Other fine ceramics found at Sehyak also reflected Greek styles. Photo M. Allen
Greek architectural decorations were also familiar from Sehyak, Mukhtar, and Khwaja Kanur, though the lack of stone forced the local versions to be made from fired brick.
There are almost no famous archaeological features in our research area. The exception is the decorative arch of Bust, built in the 13th century at the entrance to the citadel of Qala-i Bist. We visited it as tourists but did no archaeological work there other than to provide suggestions to the government for its restoration.
A single preserved arch remained from the 11th century Ghaznavid Lower Palace of Shahr-I Gholghola. It was constructed of very large, thin mudbricks holding the arch in place. The bases of several other collapsed arches in a line suggested this was the pathway between the northern and southern courtyards of the Palace. Sadly, the arch collapsed before our 1974 season after having stood for 10 centuries.

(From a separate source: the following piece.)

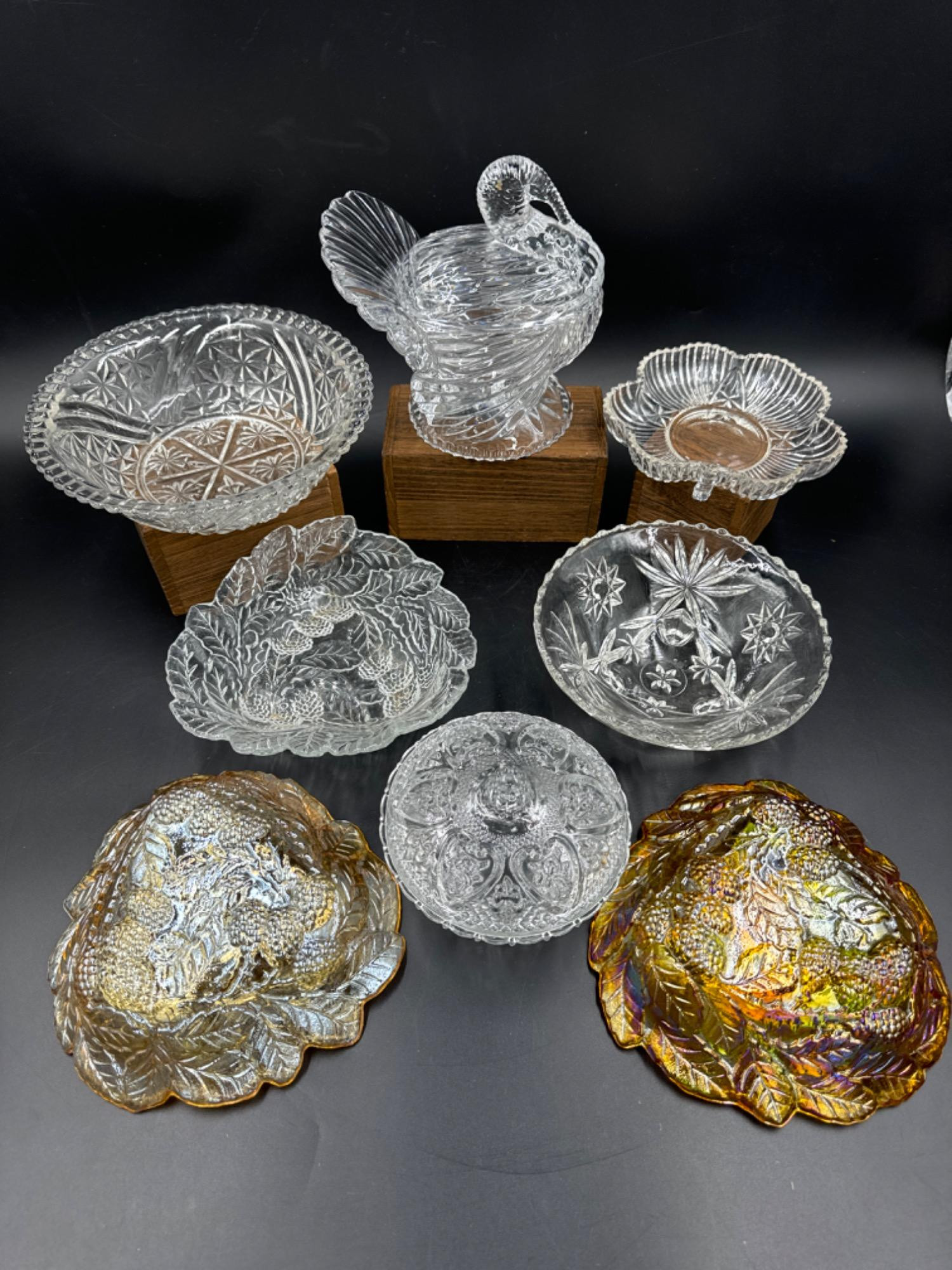 Shannon Crystal turkey 7"T x 7"L x 6"W 1970s KIG Malaysia LAFLEUR HEART Embossed Glass Candy Dish w/ Lid Anchor Hocking Star & Fan Cut Glass Footed Candy Dish (3) Indiana Glass Loganberry and Leaf dishes in 3 colors

Another elaborate structure still standing was Mausoleum 214, part of a cluster of Timurid Houses 210 and probably the burial ground for inhabitants of the largest structure there, House 218. We identified 18 burial chambers in this 4-pillar building and excavated around the edges of one of them, which had an inscribed tombstone of its 15th century owner.
Large estates were common in the Sar-o-Tar plain, often undisturbed after their abandonment.  One of the largest, House 323, was probably built in Ghaznavid times and reused in the Timurid period. It sat within a large walled compound with a gatehouse at the entrance and an interior walkway made of vertically stacked baked brick (lower left).

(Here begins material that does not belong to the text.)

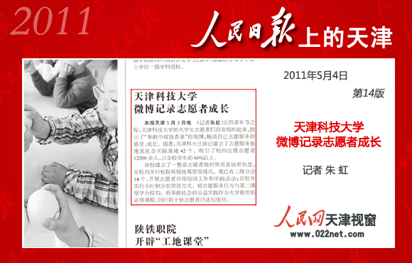 人民日报天津5月3日电(记者朱虹)五四青年节之际,天津科技大学的大学生志愿者们自发组织起来,推出了“奉献中绽放青春”的微博,畅谈自己志愿服务的感受、成长。据悉,天津科大目前已建立了志愿服务基地及社会实践基地42个,吸引了校内注册志愿者12200余人,占全校学生的60%以上。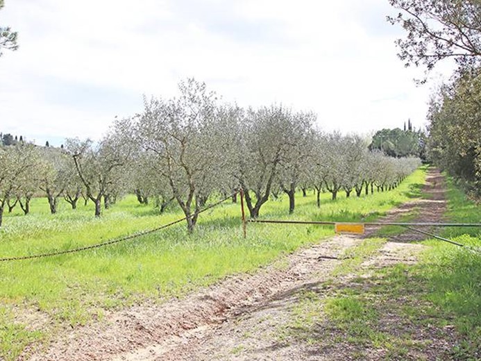 La proprietà è inoltre dotata di 23 Ha di terreno, per la maggior parte situati in corpo unico attorno al borgo ed alla villa, mentre alcuni lotti sono dislocati nelle immediate vicinanze, le attuali destinazioni dei terreni sono ultiveto per circa 22.000 mq (di cui gran parte dislocati attorno alla villa padronale), seminativo per 179.000 mq, vigneto per 10.000 mq oltre che frutteto, pasacolo ed una minima porzione di bosco.

The citadel/city of Shahr-I Gholghola was the source of many of the unique objects we found on the surface in the survey, including this Islamic sherd with a human face decorating it.
Another singular ceramic object from the excavations of Shahr-i Gholghola was this jar handle with incised bird decorations. Photo L.Z. Bigdeli
Beginning with the Islamic era, we regularly found glazed ceramics at our sites. But firing with glaze was a tricky endeavor. These stones were likely included in the kiln while firing the vessels, and were left with a coating of glazing afterwards.
In later seasons, we visited the Chagai Hills of Pakistan seeking the sources of copper ore that was smelted at sites in Afghan Sistan. Several sites we visited produced samples of Bronze Age ceramics, showing the industry went back as much as 5,000 years.